Too many kitchens were clogged by inefficiencies, outdated equipment, high utility costs and other large-scale issues, Collison says. Compounding the challenge, P.F. Chang’s clientele was aging, with the younger demographic opting for lower-cost takeout elsewhere.
And those weren’t the only areas where Collison hoped to help. He assessed the condition of each restaurant, giving the company the means to forecast repairs and upkeep—and saving $2 million in the process.
“They’re now able to plan five, eight, 10 years down the road,” he says. “The past 20 years, not once was their construction on time and under budget.”
That’s since changed with the implementation of Smartsheet and MS Project used for assigning tasks, tracking project progress, managing calendars and sharing documents through tabular user interface. Those programs replaced a cardboard wheel that had often showed a project was weeks late in its commencement.
“It was a long overdue cultural shift,” Collison says. “You’ve got to remember that before any construction can begin, there is a multitude of other departments that need to be engaged and need to be added to the project planning: real estate, legal, procurement, marketing, IT.”
Then around 16 weeks later, the construction team takes the lead and manages vendors, not internal members. There has to be a partnership which means that vendors are family. Egos must be smoothed sometimes; client first is said over and over and the end goal is delivering the product so everyone is successful, he explains.
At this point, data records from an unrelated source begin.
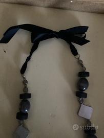 Vendo elegante collana lunga da donna con perle grigio fumo, elementi neri e inserti geometrici color argento satinato.
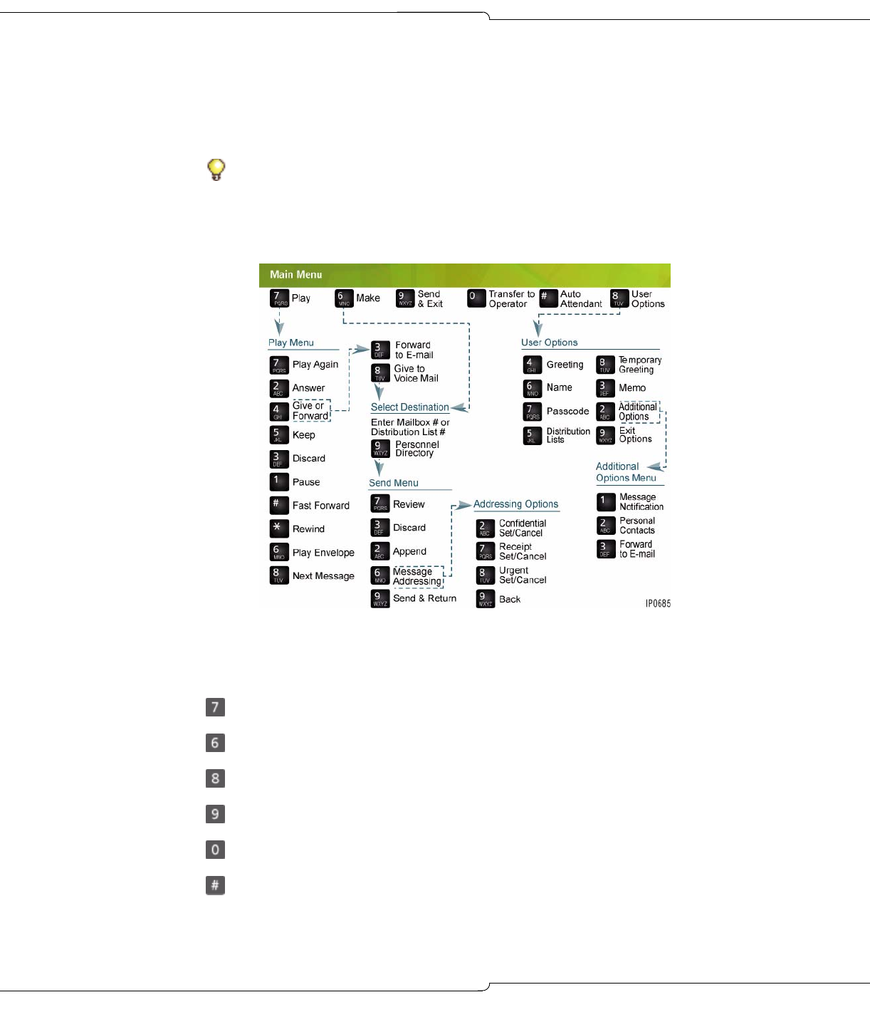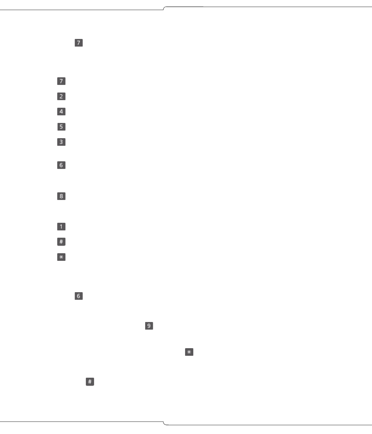 are listening to a message. Use these keys to replay information you missed, to pause a
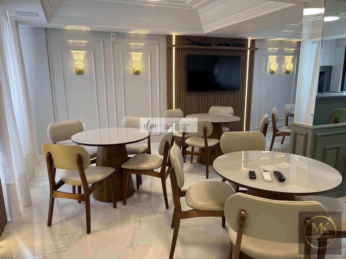 Salão de festas e espaço gourmet mobiliados e decorados
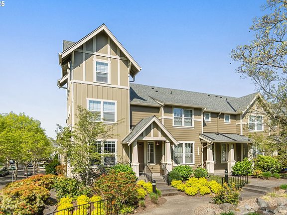 Step into timeless elegance in this beautifully designed end unit townhome that blends European architecture with modern luxury. The thoughtfully designed layout features a light-filled open-concept main level, anchored by a stylish kitchen outfitted with granite countertops, newer stainless steel appliances including double ovens, perfect for both everyday living and entertaining. Upstairs, the primary suite includes a walk-in closet, ensuite bathroom and a private loft space—ideal for a home office, art studio, or peaceful yoga retreat. With 3 bedrooms and 2.5 bathrooms, this home offers the perfect balance of charm, comfort, and functionality. Additional highlights include an extra deep two-car garage, courtyard water feature, and the privacy and natural light afforded by its desirable end unit location. It is conveniently located between Progress Ridge and Washington Square Mall. Very quiet with friendly neighbors and a serene courtyard water feature. New roof in 2023 and exterior paint in 2024. With its classic European aesthetic and contemporary upgrades, this home is truly one-of-a-kind. Only one other floorplan like it.
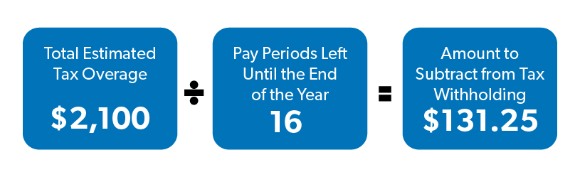 So, you’ve crunched the numbers and found you’ve been sending too much money to the IRS. Now what? Simply divide your estimated tax overpayment by the number of pay periods you have left before the end of the year to get your number.
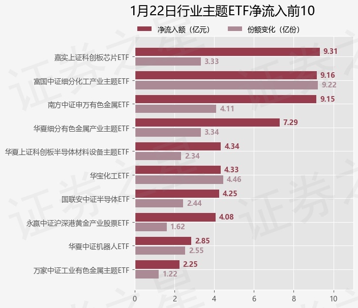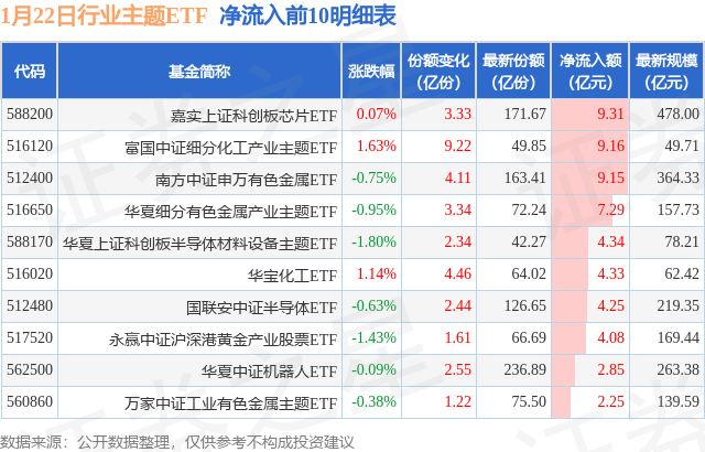 当日有134只行业主题ETF基金出现资金净流入,其中净流入排首位的是嘉实上证科创板芯片ETF(588200),份额增加了3.33亿份,净流入额为9.31亿元。
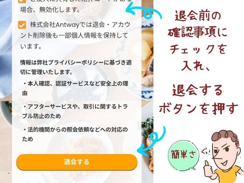 確認事項にチェックを入れ、退会するボタンを押す
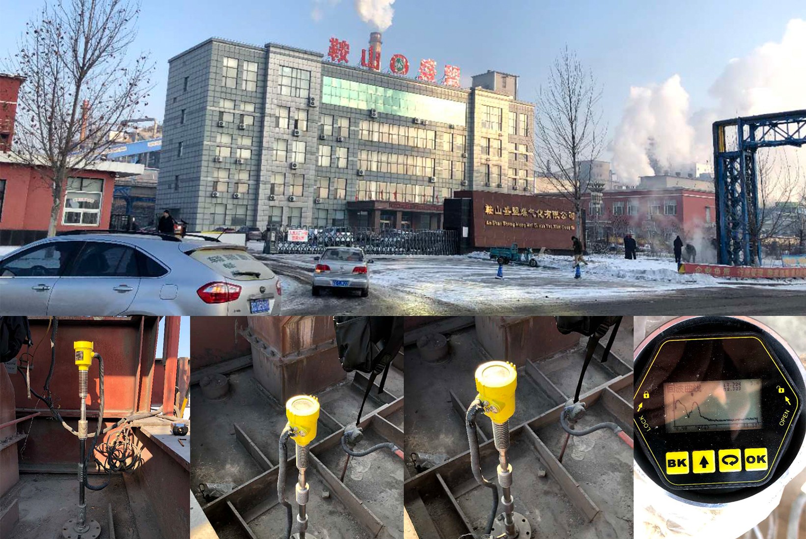 • 山東鋁業該現場主要主要以測量污水、水泥漿液為主,大多部多有攪拌、蒸汽,選購 RBRD17 共計 32 臺。罐內有攪拌槳,攪拌槳一下液位無法測量,因雷達安裝正下方是有攪拌葉片,且葉片寬度、層數比較多,所以無法測量。現場蒸汽比較大。現場安裝圖。現場安裝圖,安裝位置為罐子直徑四分之一處?,F場安裝圖。現場環境圖?,F場安裝圖
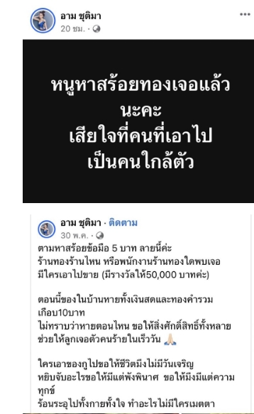 นักร้องลูกทุ่งสาวเสียงดี “อาม ชุติมา” ก่อนหน้านี้เจ้าตัวได้โพสต์ข้อความผ่านเฟซบุ๊ก “อาม ชุติมา” ตามหาสร้อยข้อมือทองคำที่หายไปพร้อมกับระบุหากใครพบเจอมีรางวัลให้ 5 หมื่นบาท และยังระบุอีกว่าตอนนี้ของในบ้านหายทั้งเงินสดและทองคำเกือบ 10 บาท
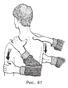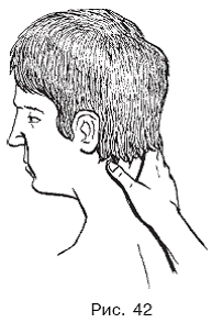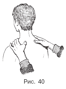 При массировании шейного отдела используется растирание фалангами пальцев и опорной частью кисти. Последний вид используется для массирования нижнего шейного отдела. От того, какие из пальцев, большой или четыре остальных, выполняют массажный прием, зависит положение кисти. При растирании большими пальцами кисти рук немного развернуты, пальцы находятся под углом 45° по отношению к большому пальцу (рис. 40). При растирании большими пальцами кисть руки упирается четырьмя остальными пальцами в массируемый участок и фиксируется. Если массажный прием выполняется четырьмя пальцами, то большой при этом максимально отводится назад и фиксируется.
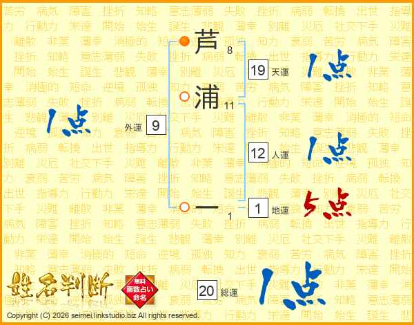 生活面を象徴する運勢です。外部から受ける影響力を表し、結婚運、家庭運や職場、環境への順応性を表します。総運から人運を引いた画数。姓や名が1文字の場合を除く。
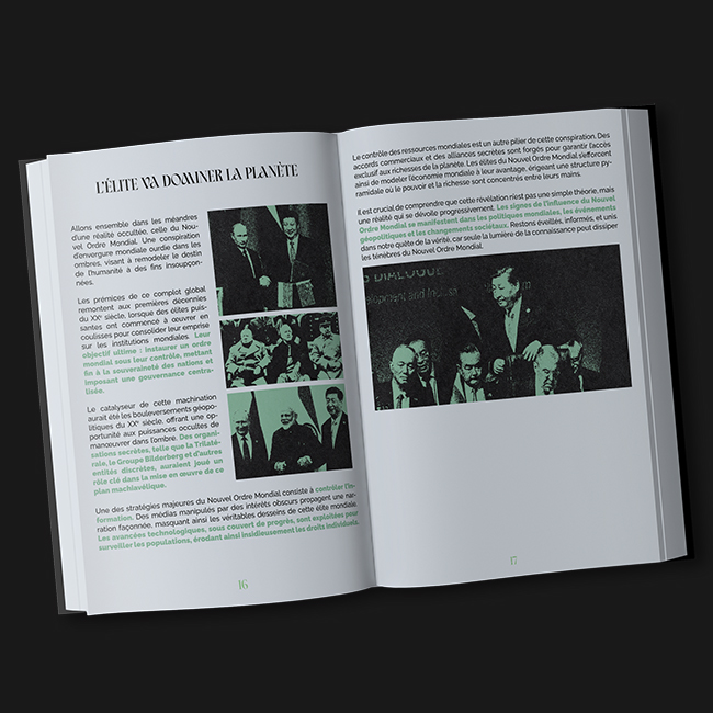 Dans cette collection, nous aborderons différents discours dans un ton informatif, empathique et captivant, décrivant les événements clés dans les différents domaines d'intérêt choisis. Chaque histoire sera présentée sous un titre accrocheur. Nos références générales pour ce projet sont les vidéos humoristiques "conspirationnistes" de Canal+, l'effet Mandela, le constructivisme et Edward Bernays.
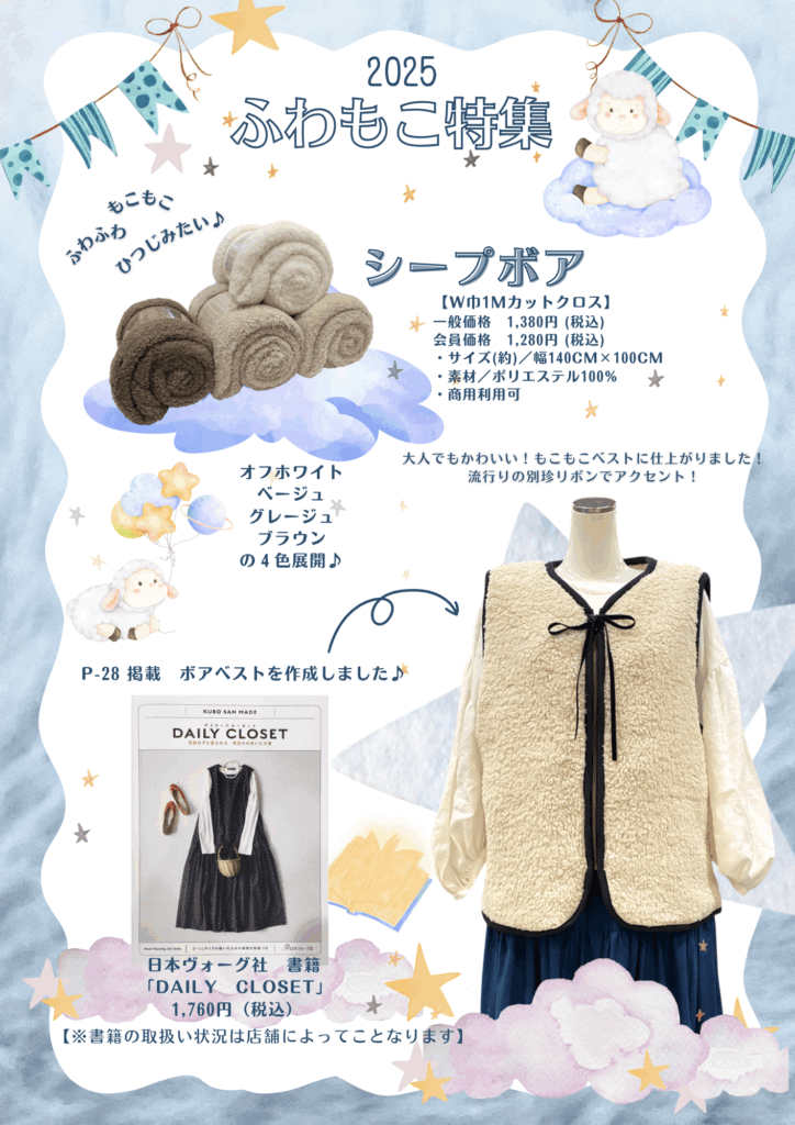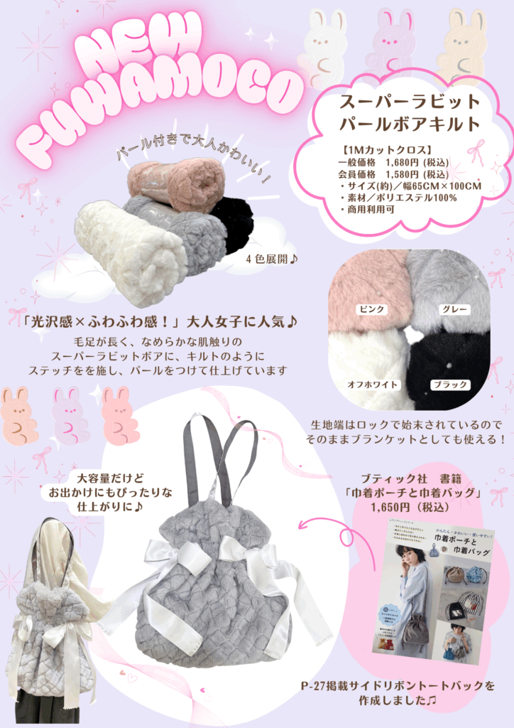 『ふわふわ・もこもこ』の生地で暖かくて可愛い♪

It’s a set of skills Collison says he learned on the kindergarten playground: “Does he play nice with others, does he act unselfishly, does he share his toys?”
An amicable parting
Regardless of whether P.F. Chang can thrive under its new to-go model, Collison wishes his former employer the best and feels he positioned the chain to persevere under the most challenging circumstances.
Truth be told, he wasn’t especially interested in working for a restaurant brand back in 2017—but applied anyway. A valuable and invigorating experience it turned out to be, he says of the on-the-fly adjustments that were required: first in helping the company embrace industry standards for facilities assessment and the pain it took to collect the data, then responding to a pandemic that’s had restaurant closures outpacing openings in many locations.
Another industry will beckon, says Collison. “I’d like to land at a company where they tell me what they need and trust me to give it to them,” he says.
He’s done a lot of that since graduating DeVry University Phoenix with an electrical engineering degree in 1996, serving stretches with many companies and institutions.
The P.F. Chang’s position was preceded by a two-year stint as senior engineering manager for the Verizon account at Cushman & Wakefield. He’s also worked at Banner Health, Jones Lang LaSalle, SBM Management Services and Boise State University.
By next year, Collison expects to have earned a Master of Science in Construction Management from the Ira A. Fulton Schools of Engineering at Arizona State University.
His phone’s been ringing since his departure from the restaurant chain, with feelers coming from an electric car company, a discount tire operation, a real estate planning specialist and, yes, a successful food chain. Even with COVID-19, the Southwest construction industry hasn’t been in a lull—reason to be upbeat, he says. He also evangelizes about how facilities management should be aligned with the business objective, it being among the most critical of departments.
And for the need for work to be pleasant.
“If you’re not laughing and happy, then you’re not doing what you love to do,” he says.